QUESTION MISC-6C. True or false: By executing a trap instruction, a process can force an operating system kernel to execute arbitrary code.

QUESTION MISC-6D. True or false: By manipulating process memory and registers, an operating system kernel can force a process to execute arbitrary instructions.

QUESTION MISC-6E. True or false: All signals are sent explicitly via the kill() system call.

QUESTION MISC-6F. True or false: An operating system’s buffer cache is generally fully associative.

QUESTION MISC-6G. True or false: The least-recently-used eviction policy is more useful for very large files that are read sequentially than it is for stacks.

QUESTION MISC-6H. True or false: Making a cache bigger can lower its hit rate for a given workload.

QUESTION MISC-6I. True or false: x86-64 processor caches are coherent (i.e., always appear to contain the most up-to-date values).
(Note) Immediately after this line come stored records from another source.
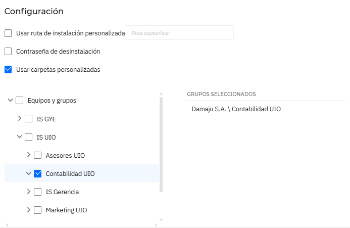 - Usar carpetas personalizadas (Si queremos organizar la estructura de nuestra red, escogiendo el grupo de trabajo al que se reportará el equipo que instalemos)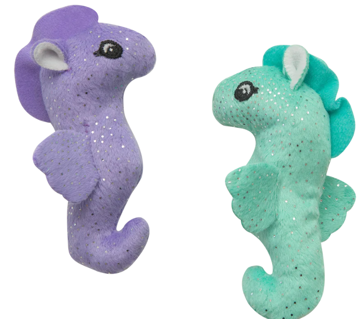 What's better then one seahorse for your cat? Two seahorses of course! Introducing SnugArooz Cat toys! This fun, crinkly 2pk of 4" cat toys (with catnip) will bring endless hours of fun to your kitty. Toys contain catnip and are made from recycled water bottles.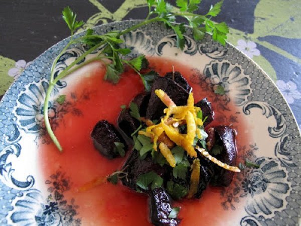 Salade de betteraves rôties à l'orange PrécédentSuivant Entréefacile36 min127 Kcal Envoyer cette recette à un ami Imprimer cette page Poser une question à l'auteur Publier votre photo de cette recette Ingrédients 4 3 betteraves crues huile d'olive vinaigre balsamique une orange romarin persil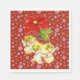 Dançando Anjos Bebês pendurados em uma flor de Poinsettia com ouro e flocos de neve brancos caindo em guardanapos de férias.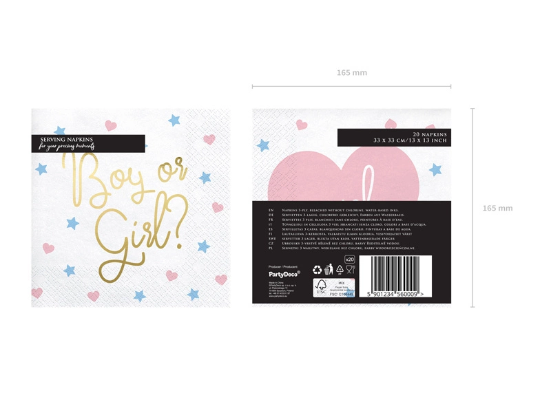 - Serwetki papierowe, mix kolorów ze złotym metalizowanym napisem Boy or Girl, wymiary po rozłożeniu ok. 33 x 33 cm, wymiary po złożeniu ok. 16,5 x 16,5 cm. (1 op. / 20 szt.)

QUESTION MISC-6J. True or false: A socket file descriptor supports either reading or writing, but not both.

MISC-7. Pot Pourri

Parts A-D pertain to the data structures and hexdump output shown here.

struct x {
    unsigned long ul;
    unsigned short us;
    unsigned char uc;
} *sp;
// Hexdump output of some program running on the appliance
08c1b008  e9 11 cf d0 0d d0 3f f3  63 61 74 00 0d f0 fe ca  |......?.cat.....|
08c1b018  5e ea 15 0d de c0 ad de                           |^.......|

You are told that sp = 0x08c1b008.

QUESTION MISC-7A. What is the value (in hex) of sp->ul?

QUESTION MISC-7B. What is the value (in hex) of sp->uc?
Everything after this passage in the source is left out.